In prepping this blog, I started thinking about Al Ries and Jack Trout, the two marketing gurus of my generation. In the early '90s, they wrote “The 22 Immutable Laws of Marketing,” a book that has been a primer for strategists and tacticians from myriad industries. And I figured that one of those “laws” would speak to this issue of prioritization and focus – but none really do.
And so with all respect to Ries & Trout and their many minions, I propose a bill to enact a 23rd immutable law – “The Law of Bright, Shiny Objects.”
It takes a steady hand and a curious mind to be able to differentiate fads from trends, the real deal from the flash and trash. And that's where research can help us better understand the changing consumer mindset and what it means to radio. Techsurvey 2018 comes out of the field this week, already 60,000 respondents strong and growing. A record 500+ stations will have taken part – a record. And that tells us more and more broadcasters realize they need answers before they act.

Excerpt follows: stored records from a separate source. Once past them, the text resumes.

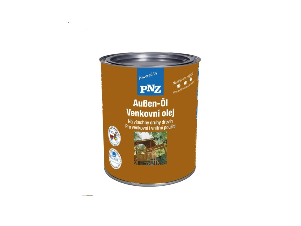 Barevný PNZ Venkovní olej je vyráběn podle staletých receptur a používá se především v exteriéru. Nátěr netvoří souvislý film a poskytuje ochranu před extrémními povětrnostními vlivy. Na rozdíl od nátěrů tvořících souvislou vrstvu, se PNZ Venkovní olej usazuje pevně v kapilárách dřeva a poskytuje tak dřevu přírodní ochranu, odolnou povětrnostním vlivům, vodě a UV záření. Zabraňuje bobtnání, vysychání a praskání dřeva. Není zařazen do žádné třídy nebezpečnosti (DIN 53160/EN 71).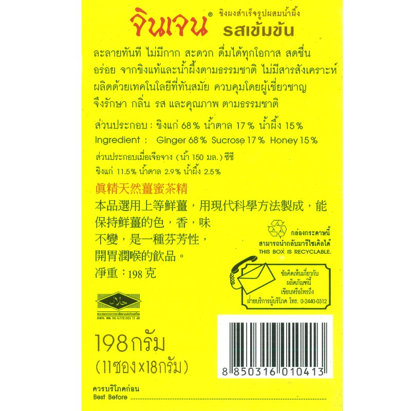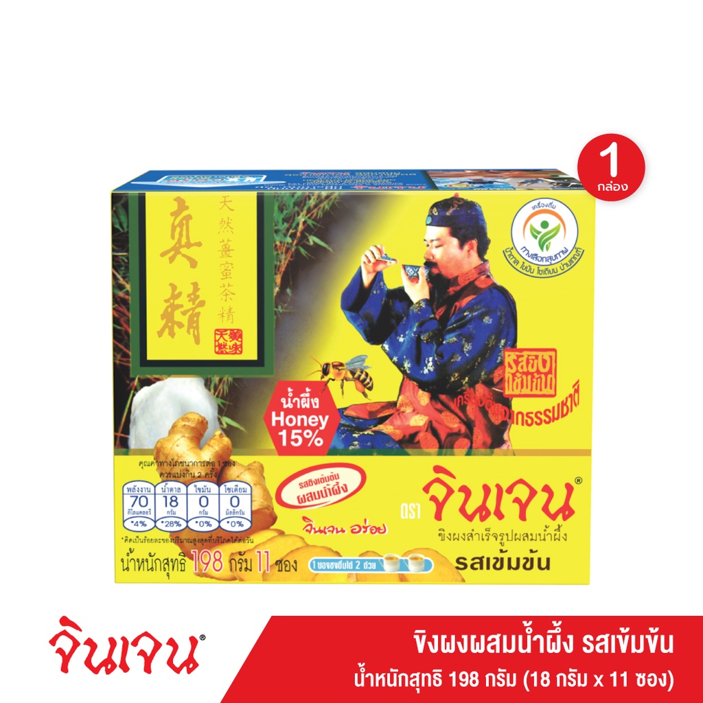จินเจน ขิงผง ผสมน้ำผึ้ง รสเข้มข้น x 1 กล่อง (11 ซอง ) 198 g เครื่องดื่มสมุนไพร น้ำขิง ขิงผงสำเร็จรูป ขิงผงแท้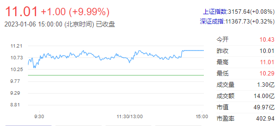 重要资讯:沪深交易所2023年01月06日公布的交易公开信息显示,数源科技因成为当日涨幅偏离值达7%的证券上榜。数源科技当日收报11.01元,涨跌幅9.99%,偏离值9.83%,换手率33.63%,成交额14.0亿元。

Last year's Techsurvey was a case in point. We learned that smart speakers are, in fact, rapidly becoming “the next big thing,” and that's why we've been designing them as part of our SonicAi division for more than a year now. Even though we've all being “doing audio” for our entire careers, it is being redefined by new technology. As Gordon Borrell told me a few weeks ago, TV and newspaper owners are often more Gung Ho about podcasting and smart speakers than radio execs.
Now, some of you reading this post might be thinking that both our companies, this blog, and yours truly have been complicit in hyping “bright, shiny objects.”
In fact, we do our best to let you know about the latest and greatest, without panicking you about the next “four alarm fire” that may or may not happen. Or that are so far down the road, they can't possibly impact your business.
We have also done our best to “walk the walk,” rather than advising you to take risks while we stand on the sidelines. We've developed more than 1,100 mobile apps and scores of Alexa “skills,” we produce podcasts, we put on conferences, and we don't just talk about CES – we walk the floor with you.
I know a lot of the “old guard” from radio's glory days often disparage today's state of broadcasting. While radio's mission and purpose may be about the same as it was in the '70s and '80s, its a very different business today, loaded with sand traps, pitfalls, and hazards. Radio licenses are no longer “licenses to print money,” general managers aren't responsible for just one property, and the number of local advertisers have shrunk due to consolidation, big box stores, and ecommerce. As they say in Olympic diving, the “degree of difficulty” is exponentially greater today than it was back in the “good old days.”
So, the media world is changing, shaking, and baking at breakneck speed. And we're trying to figure it without seat belts or air bags.
I promise we'll do our best to help us both get there vital, relevant, and intact.
So, beware of bright, shiny objects. But let's be smart enough to be able to identify the real deal when we see it.
And let's eat this badass elephant, one crazy bite at a time.